• [What is expected]: Write down every entry once more, exactly as it reads.

[Working data Boundary: Start]

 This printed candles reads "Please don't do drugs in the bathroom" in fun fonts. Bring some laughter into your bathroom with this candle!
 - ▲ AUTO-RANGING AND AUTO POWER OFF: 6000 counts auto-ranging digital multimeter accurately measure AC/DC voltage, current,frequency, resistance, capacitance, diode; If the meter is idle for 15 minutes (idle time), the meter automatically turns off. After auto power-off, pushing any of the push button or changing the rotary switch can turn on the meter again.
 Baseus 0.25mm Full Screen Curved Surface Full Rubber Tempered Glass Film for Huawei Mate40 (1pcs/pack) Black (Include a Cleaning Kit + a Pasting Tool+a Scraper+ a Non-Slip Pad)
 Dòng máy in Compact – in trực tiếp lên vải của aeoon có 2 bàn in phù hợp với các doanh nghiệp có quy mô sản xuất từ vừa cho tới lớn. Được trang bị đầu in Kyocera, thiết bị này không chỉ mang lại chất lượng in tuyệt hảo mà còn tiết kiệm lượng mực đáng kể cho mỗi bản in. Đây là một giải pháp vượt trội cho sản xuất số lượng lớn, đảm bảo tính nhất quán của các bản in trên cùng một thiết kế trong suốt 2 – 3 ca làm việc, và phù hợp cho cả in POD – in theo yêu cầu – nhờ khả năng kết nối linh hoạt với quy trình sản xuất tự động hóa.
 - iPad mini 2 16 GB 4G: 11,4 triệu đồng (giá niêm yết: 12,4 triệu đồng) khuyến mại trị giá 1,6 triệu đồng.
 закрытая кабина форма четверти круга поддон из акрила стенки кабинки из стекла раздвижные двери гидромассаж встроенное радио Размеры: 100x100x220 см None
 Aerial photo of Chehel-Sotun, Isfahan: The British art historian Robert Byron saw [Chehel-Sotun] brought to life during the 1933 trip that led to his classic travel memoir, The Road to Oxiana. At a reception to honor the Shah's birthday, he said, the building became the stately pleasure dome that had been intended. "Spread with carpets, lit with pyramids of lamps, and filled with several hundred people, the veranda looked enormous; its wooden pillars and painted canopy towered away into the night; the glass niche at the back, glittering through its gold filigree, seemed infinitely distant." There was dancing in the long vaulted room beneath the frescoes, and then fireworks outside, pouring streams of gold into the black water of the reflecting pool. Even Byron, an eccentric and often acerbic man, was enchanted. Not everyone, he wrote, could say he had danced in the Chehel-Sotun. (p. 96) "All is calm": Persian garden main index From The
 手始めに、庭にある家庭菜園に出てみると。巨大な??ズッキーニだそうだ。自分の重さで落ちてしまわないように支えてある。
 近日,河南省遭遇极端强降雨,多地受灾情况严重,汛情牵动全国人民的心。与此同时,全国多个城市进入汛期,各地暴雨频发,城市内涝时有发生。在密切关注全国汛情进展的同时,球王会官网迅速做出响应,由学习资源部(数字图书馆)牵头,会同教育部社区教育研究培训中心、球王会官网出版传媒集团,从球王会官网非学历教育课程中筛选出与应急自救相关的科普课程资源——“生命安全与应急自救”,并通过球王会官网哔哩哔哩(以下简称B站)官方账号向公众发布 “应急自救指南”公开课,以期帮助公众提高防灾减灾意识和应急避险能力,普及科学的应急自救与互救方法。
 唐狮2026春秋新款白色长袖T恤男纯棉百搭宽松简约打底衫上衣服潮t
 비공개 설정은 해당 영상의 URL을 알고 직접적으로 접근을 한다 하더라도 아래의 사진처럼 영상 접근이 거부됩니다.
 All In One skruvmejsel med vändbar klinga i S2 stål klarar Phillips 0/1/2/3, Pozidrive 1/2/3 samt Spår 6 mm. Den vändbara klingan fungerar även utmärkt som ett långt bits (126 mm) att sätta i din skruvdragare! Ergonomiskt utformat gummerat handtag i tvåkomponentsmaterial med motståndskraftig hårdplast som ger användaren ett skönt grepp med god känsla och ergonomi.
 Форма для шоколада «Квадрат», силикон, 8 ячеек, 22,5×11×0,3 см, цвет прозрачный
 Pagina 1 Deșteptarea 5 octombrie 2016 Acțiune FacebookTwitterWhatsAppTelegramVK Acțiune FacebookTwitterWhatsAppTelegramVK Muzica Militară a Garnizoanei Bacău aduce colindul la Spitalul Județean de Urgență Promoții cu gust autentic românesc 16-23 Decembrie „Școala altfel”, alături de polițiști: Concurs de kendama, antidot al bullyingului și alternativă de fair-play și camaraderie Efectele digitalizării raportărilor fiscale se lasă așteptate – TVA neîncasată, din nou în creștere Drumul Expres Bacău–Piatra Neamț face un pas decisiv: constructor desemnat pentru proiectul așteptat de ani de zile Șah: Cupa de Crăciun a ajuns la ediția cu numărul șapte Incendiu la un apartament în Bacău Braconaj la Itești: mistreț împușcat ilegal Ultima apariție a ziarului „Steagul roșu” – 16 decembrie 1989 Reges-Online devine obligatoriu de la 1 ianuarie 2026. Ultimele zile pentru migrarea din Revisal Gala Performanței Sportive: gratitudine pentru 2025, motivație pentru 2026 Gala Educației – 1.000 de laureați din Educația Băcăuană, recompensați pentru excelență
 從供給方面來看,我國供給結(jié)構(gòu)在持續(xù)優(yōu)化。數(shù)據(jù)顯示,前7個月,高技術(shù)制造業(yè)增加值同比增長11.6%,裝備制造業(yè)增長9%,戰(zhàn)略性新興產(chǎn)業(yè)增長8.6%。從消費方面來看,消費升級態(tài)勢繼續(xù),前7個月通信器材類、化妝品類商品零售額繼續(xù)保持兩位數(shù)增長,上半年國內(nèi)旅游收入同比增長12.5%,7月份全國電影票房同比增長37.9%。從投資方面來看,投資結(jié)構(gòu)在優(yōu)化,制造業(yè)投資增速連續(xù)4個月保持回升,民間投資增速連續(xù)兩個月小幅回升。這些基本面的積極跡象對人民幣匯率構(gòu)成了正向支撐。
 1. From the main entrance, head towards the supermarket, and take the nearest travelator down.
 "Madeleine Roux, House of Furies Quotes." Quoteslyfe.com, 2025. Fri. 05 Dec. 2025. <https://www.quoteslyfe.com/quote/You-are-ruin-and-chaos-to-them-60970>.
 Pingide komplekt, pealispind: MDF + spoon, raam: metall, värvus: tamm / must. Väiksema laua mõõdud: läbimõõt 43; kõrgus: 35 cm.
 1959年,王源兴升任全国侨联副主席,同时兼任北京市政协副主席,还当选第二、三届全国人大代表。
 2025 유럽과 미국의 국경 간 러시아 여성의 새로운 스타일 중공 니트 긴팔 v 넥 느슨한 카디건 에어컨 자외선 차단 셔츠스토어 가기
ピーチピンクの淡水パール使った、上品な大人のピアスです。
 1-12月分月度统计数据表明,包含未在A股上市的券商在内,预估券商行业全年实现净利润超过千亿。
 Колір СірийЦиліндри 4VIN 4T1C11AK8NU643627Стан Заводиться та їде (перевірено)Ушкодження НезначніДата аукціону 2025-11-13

[Working data Boundary: End]

• [Task result]:
 This printed candles reads "Please don't do drugs in the bathroom" in fun fonts. Bring some laughter into your bathroom with this candle!
 - ▲ AUTO-RANGING AND AUTO POWER OFF: 6000 counts auto-ranging digital multimeter accurately measure AC/DC voltage, current,frequency, resistance, capacitance, diode; If the meter is idle for 15 minutes (idle time), the meter automatically turns off. After auto power-off, pushing any of the push button or changing the rotary switch can turn on the meter again.
 Baseus 0.25mm Full Screen Curved Surface Full Rubber Tempered Glass Film for Huawei Mate40 (1pcs/pack) Black (Include a Cleaning Kit + a Pasting Tool+a Scraper+ a Non-Slip Pad)
 Dòng máy in Compact – in trực tiếp lên vải của aeoon có 2 bàn in phù hợp với các doanh nghiệp có quy mô sản xuất từ vừa cho tới lớn. Được trang bị đầu in Kyocera, thiết bị này không chỉ mang lại chất lượng in tuyệt hảo mà còn tiết kiệm lượng mực đáng kể cho mỗi bản in. Đây là một giải pháp vượt trội cho sản xuất số lượng lớn, đảm bảo tính nhất quán của các bản in trên cùng một thiết kế trong suốt 2 – 3 ca làm việc, và phù hợp cho cả in POD – in theo yêu cầu – nhờ khả năng kết nối linh hoạt với quy trình sản xuất tự động hóa.
 - iPad mini 2 16 GB 4G: 11,4 triệu đồng (giá niêm yết: 12,4 triệu đồng) khuyến mại trị giá 1,6 triệu đồng.
 закрытая кабина форма четверти круга поддон из акрила стенки кабинки из стекла раздвижные двери гидромассаж встроенное радио Размеры: 100x100x220 см None
 Aerial photo of Chehel-Sotun, Isfahan: The British art historian Robert Byron saw [Chehel-Sotun] brought to life during the 1933 trip that led to his classic travel memoir, The Road to Oxiana. At a reception to honor the Shah's birthday, he said, the building became the stately pleasure dome that had been intended. "Spread with carpets, lit with pyramids of lamps, and filled with several hundred people, the veranda looked enormous; its wooden pillars and painted canopy towered away into the night; the glass niche at the back, glittering through its gold filigree, seemed infinitely distant." There was dancing in the long vaulted room beneath the frescoes, and then fireworks outside, pouring streams of gold into the black water of the reflecting pool. Even Byron, an eccentric and often acerbic man, was enchanted. Not everyone, he wrote, could say he had danced in the Chehel-Sotun. (p. 96) "All is calm": Persian garden main index From The
 手始めに、庭にある家庭菜園に出てみると。巨大な??ズッキーニだそうだ。自分の重さで落ちてしまわないように支えてある。
 近日,河南省遭遇极端强降雨,多地受灾情况严重,汛情牵动全国人民的心。与此同时,全国多个城市进入汛期,各地暴雨频发,城市内涝时有发生。在密切关注全国汛情进展的同时,球王会官网迅速做出响应,由学习资源部(数字图书馆)牵头,会同教育部社区教育研究培训中心、球王会官网出版传媒集团,从球王会官网非学历教育课程中筛选出与应急自救相关的科普课程资源——“生命安全与应急自救”,并通过球王会官网哔哩哔哩(以下简称B站)官方账号向公众发布 “应急自救指南”公开课,以期帮助公众提高防灾减灾意识和应急避险能力,普及科学的应急自救与互救方法。
 唐狮2026春秋新款白色长袖T恤男纯棉百搭宽松简约打底衫上衣服潮t
 비공개 설정은 해당 영상의 URL을 알고 직접적으로 접근을 한다 하더라도 아래의 사진처럼 영상 접근이 거부됩니다.
 All In One skruvmejsel med vändbar klinga i S2 stål klarar Phillips 0/1/2/3, Pozidrive 1/2/3 samt Spår 6 mm. Den vändbara klingan fungerar även utmärkt som ett långt bits (126 mm) att sätta i din skruvdragare! Ergonomiskt utformat gummerat handtag i tvåkomponentsmaterial med motståndskraftig hårdplast som ger användaren ett skönt grepp med god känsla och ergonomi.
 Форма для шоколада «Квадрат», силикон, 8 ячеек, 22,5×11×0,3 см, цвет прозрачный
 Pagina 1 Deșteptarea 5 octombrie 2016 Acțiune FacebookTwitterWhatsAppTelegramVK Acțiune FacebookTwitterWhatsAppTelegramVK Muzica Militară a Garnizoanei Bacău aduce colindul la Spitalul Județean de Urgență Promoții cu gust autentic românesc 16-23 Decembrie „Școala altfel”, alături de polițiști: Concurs de kendama, antidot al bullyingului și alternativă de fair-play și camaraderie Efectele digitalizării raportărilor fiscale se lasă așteptate – TVA neîncasată, din nou în creștere Drumul Expres Bacău–Piatra Neamț face un pas decisiv: constructor desemnat pentru proiectul așteptat de ani de zile Șah: Cupa de Crăciun a ajuns la ediția cu numărul șapte Incendiu la un apartament în Bacău Braconaj la Itești: mistreț împușcat ilegal Ultima apariție a ziarului „Steagul roșu” – 16 decembrie 1989 Reges-Online devine obligatoriu de la 1 ianuarie 2026. Ultimele zile pentru migrarea din Revisal Gala Performanței Sportive: gratitudine pentru 2025, motivație pentru 2026 Gala Educației – 1.000 de laureați din Educația Băcăuană, recompensați pentru excelență
 從供給方面來看,我國供給結(jié)構(gòu)在持續(xù)優(yōu)化。數(shù)據(jù)顯示,前7個月,高技術(shù)制造業(yè)增加值同比增長11.6%,裝備制造業(yè)增長9%,戰(zhàn)略性新興產(chǎn)業(yè)增長8.6%。從消費方面來看,消費升級態(tài)勢繼續(xù),前7個月通信器材類、化妝品類商品零售額繼續(xù)保持兩位數(shù)增長,上半年國內(nèi)旅游收入同比增長12.5%,7月份全國電影票房同比增長37.9%。從投資方面來看,投資結(jié)構(gòu)在優(yōu)化,制造業(yè)投資增速連續(xù)4個月保持回升,民間投資增速連續(xù)兩個月小幅回升。這些基本面的積極跡象對人民幣匯率構(gòu)成了正向支撐。
 1. From the main entrance, head towards the supermarket, and take the nearest travelator down.
 "Madeleine Roux, House of Furies Quotes." Quoteslyfe.com, 2025. Fri. 05 Dec. 2025. <https://www.quoteslyfe.com/quote/You-are-ruin-and-chaos-to-them-60970>.
 Pingide komplekt, pealispind: MDF + spoon, raam: metall, värvus: tamm / must. Väiksema laua mõõdud: läbimõõt 43; kõrgus: 35 cm.
 1959年,王源兴升任全国侨联副主席,同时兼任北京市政协副主席,还当选第二、三届全国人大代表。
 2025 유럽과 미국의 국경 간 러시아 여성의 새로운 스타일 중공 니트 긴팔 v 넥 느슨한 카디건 에어컨 자외선 차단 셔츠스토어 가기
ピーチピンクの淡水パール使った、上品な大人のピアスです。
 1-12月分月度统计数据表明,包含未在A股上市的券商在内,预估券商行业全年实现净利润超过千亿。
 Колір СірийЦиліндри 4VIN 4T1C11AK8NU643627Стан Заводиться та їде (перевірено)Ушкодження НезначніДата аукціону 2025-11-13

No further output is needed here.